* Instructions for the task: Send back the line that contains "На рис.106 сплошными" and all lines following it through the end of the data below, exactly, omitting pictures.

* Dataset content:
┄┄┄┄┄┄
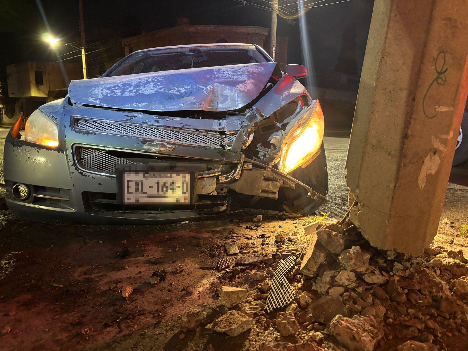 Un joven, quien presuntamente conducía bajo los efectos del alcohol, protagonizó un aparatoso accidente vehicular cuando perdió el control de su automóvil y terminó impactándose contra un poste de concreto. El percance ocurrió en las primeras horas de este martes, en la colonia San Lorenzo, en Saltillo.
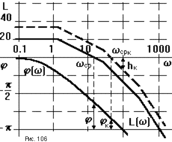 На рис.106 сплошными линиями показаны частотные характеристики исходной разомкнутой САУ при T1 = 0.5c, T2 = 0.02c, T3 = 0.002c, K = 10.
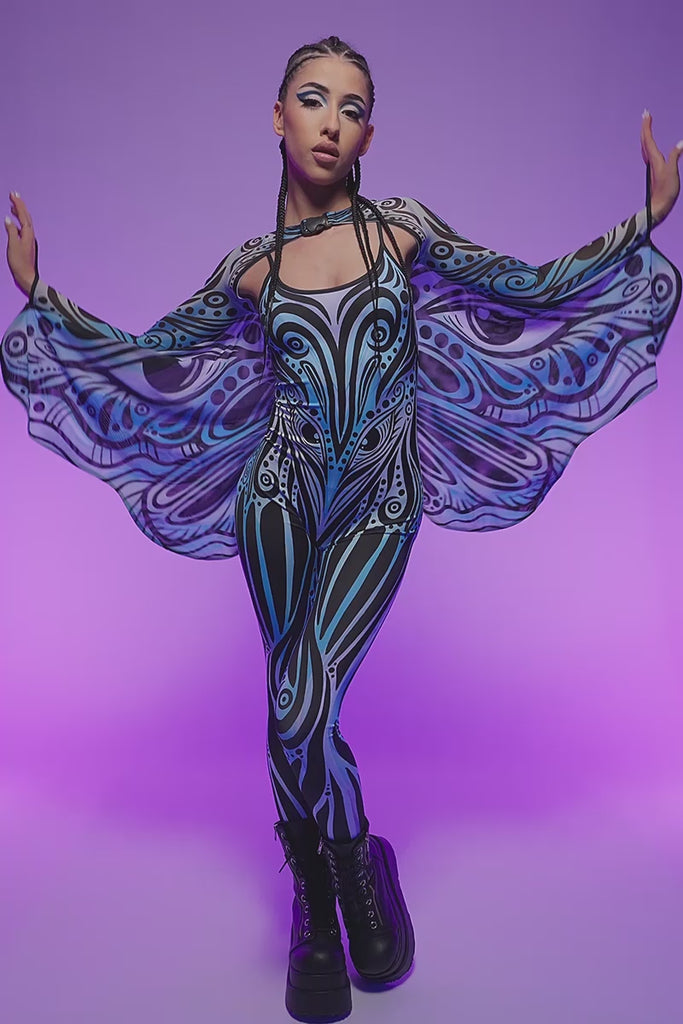 These top wings bring high-drama energy to any rave outfit. With a bold black and blue butterfly print and flowy mesh design, they flutter with every move and transform your look into pure festival fantasy. Light, fierce, and made to stun—slip them on and take over the night.
┄┄┄┄┄┄
* Solution:
 На рис.106 сплошными линиями показаны частотные характеристики исходной разомкнутой САУ при T1 = 0.5c, T2 = 0.02c, T3 = 0.002c, K = 10.
 These top wings bring high-drama energy to any rave outfit. With a bold black and blue butterfly print and flowy mesh design, they flutter with every move and transform your look into pure festival fantasy. Light, fierce, and made to stun—slip them on and take over the night.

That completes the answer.